(Records from a dataset)
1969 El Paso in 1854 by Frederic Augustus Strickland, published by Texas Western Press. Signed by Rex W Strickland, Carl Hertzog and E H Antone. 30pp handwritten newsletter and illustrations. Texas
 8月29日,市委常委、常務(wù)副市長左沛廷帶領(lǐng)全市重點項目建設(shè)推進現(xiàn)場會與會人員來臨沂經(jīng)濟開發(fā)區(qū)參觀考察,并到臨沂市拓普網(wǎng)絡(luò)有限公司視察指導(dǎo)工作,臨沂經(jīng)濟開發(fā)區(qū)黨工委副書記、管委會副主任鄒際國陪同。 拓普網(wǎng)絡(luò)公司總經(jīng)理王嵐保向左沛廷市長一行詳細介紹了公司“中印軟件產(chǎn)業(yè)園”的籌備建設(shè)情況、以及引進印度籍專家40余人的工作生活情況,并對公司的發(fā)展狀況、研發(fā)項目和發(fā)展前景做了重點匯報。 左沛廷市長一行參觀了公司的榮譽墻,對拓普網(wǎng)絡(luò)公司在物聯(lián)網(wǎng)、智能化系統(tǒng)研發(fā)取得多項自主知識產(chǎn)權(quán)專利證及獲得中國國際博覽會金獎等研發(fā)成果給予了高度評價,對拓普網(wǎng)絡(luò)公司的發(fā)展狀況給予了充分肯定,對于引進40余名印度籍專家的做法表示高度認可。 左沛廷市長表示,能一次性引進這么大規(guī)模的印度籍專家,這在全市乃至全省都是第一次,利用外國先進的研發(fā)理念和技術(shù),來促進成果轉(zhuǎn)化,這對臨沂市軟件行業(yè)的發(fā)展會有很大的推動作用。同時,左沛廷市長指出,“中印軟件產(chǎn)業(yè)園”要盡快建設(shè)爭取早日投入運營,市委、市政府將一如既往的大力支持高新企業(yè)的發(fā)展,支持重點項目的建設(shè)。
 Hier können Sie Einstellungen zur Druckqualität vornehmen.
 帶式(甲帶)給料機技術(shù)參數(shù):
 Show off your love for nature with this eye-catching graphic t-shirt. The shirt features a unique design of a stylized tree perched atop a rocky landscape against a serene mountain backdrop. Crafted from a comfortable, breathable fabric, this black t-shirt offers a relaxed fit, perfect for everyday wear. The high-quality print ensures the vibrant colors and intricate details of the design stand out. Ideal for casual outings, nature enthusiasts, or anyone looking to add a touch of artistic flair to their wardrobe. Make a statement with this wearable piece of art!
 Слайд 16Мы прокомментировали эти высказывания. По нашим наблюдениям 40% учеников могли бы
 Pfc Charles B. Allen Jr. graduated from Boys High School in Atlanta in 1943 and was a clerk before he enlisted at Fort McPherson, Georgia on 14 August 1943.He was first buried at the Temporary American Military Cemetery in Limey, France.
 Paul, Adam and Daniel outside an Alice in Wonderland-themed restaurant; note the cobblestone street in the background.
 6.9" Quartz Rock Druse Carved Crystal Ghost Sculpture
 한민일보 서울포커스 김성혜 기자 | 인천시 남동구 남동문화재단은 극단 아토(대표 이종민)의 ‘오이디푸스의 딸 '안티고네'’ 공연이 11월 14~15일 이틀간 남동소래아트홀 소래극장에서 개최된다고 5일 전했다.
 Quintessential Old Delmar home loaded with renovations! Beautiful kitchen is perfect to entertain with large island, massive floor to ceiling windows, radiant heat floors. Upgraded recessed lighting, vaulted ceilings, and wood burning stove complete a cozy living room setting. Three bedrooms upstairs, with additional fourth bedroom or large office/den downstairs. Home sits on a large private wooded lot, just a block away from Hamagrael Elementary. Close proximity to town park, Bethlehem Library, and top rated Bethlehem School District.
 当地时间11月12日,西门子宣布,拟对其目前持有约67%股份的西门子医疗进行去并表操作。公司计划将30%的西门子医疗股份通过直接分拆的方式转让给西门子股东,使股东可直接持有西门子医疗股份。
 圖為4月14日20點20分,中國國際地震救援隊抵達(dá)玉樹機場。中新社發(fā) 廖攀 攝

* WORK ITEM
From the first line of the records above down to the line containing "한민일보 서울포커스 김성혜", repeat each line exactly as written. Include both of those lines and add nothing.

* ANSWER BELOW
1969 El Paso in 1854 by Frederic Augustus Strickland, published by Texas Western Press. Signed by Rex W Strickland, Carl Hertzog and E H Antone. 30pp handwritten newsletter and illustrations. Texas
 8月29日,市委常委、常務(wù)副市長左沛廷帶領(lǐng)全市重點項目建設(shè)推進現(xiàn)場會與會人員來臨沂經(jīng)濟開發(fā)區(qū)參觀考察,并到臨沂市拓普網(wǎng)絡(luò)有限公司視察指導(dǎo)工作,臨沂經(jīng)濟開發(fā)區(qū)黨工委副書記、管委會副主任鄒際國陪同。 拓普網(wǎng)絡(luò)公司總經(jīng)理王嵐保向左沛廷市長一行詳細介紹了公司“中印軟件產(chǎn)業(yè)園”的籌備建設(shè)情況、以及引進印度籍專家40余人的工作生活情況,并對公司的發(fā)展狀況、研發(fā)項目和發(fā)展前景做了重點匯報。 左沛廷市長一行參觀了公司的榮譽墻,對拓普網(wǎng)絡(luò)公司在物聯(lián)網(wǎng)、智能化系統(tǒng)研發(fā)取得多項自主知識產(chǎn)權(quán)專利證及獲得中國國際博覽會金獎等研發(fā)成果給予了高度評價,對拓普網(wǎng)絡(luò)公司的發(fā)展狀況給予了充分肯定,對于引進40余名印度籍專家的做法表示高度認可。 左沛廷市長表示,能一次性引進這么大規(guī)模的印度籍專家,這在全市乃至全省都是第一次,利用外國先進的研發(fā)理念和技術(shù),來促進成果轉(zhuǎn)化,這對臨沂市軟件行業(yè)的發(fā)展會有很大的推動作用。同時,左沛廷市長指出,“中印軟件產(chǎn)業(yè)園”要盡快建設(shè)爭取早日投入運營,市委、市政府將一如既往的大力支持高新企業(yè)的發(fā)展,支持重點項目的建設(shè)。
 Hier können Sie Einstellungen zur Druckqualität vornehmen.
 帶式(甲帶)給料機技術(shù)參數(shù):
 Show off your love for nature with this eye-catching graphic t-shirt. The shirt features a unique design of a stylized tree perched atop a rocky landscape against a serene mountain backdrop. Crafted from a comfortable, breathable fabric, this black t-shirt offers a relaxed fit, perfect for everyday wear. The high-quality print ensures the vibrant colors and intricate details of the design stand out. Ideal for casual outings, nature enthusiasts, or anyone looking to add a touch of artistic flair to their wardrobe. Make a statement with this wearable piece of art!
 Слайд 16Мы прокомментировали эти высказывания. По нашим наблюдениям 40% учеников могли бы
 Pfc Charles B. Allen Jr. graduated from Boys High School in Atlanta in 1943 and was a clerk before he enlisted at Fort McPherson, Georgia on 14 August 1943.He was first buried at the Temporary American Military Cemetery in Limey, France.
 Paul, Adam and Daniel outside an Alice in Wonderland-themed restaurant; note the cobblestone street in the background.
 6.9" Quartz Rock Druse Carved Crystal Ghost Sculpture
 한민일보 서울포커스 김성혜 기자 | 인천시 남동구 남동문화재단은 극단 아토(대표 이종민)의 ‘오이디푸스의 딸 '안티고네'’ 공연이 11월 14~15일 이틀간 남동소래아트홀 소래극장에서 개최된다고 5일 전했다.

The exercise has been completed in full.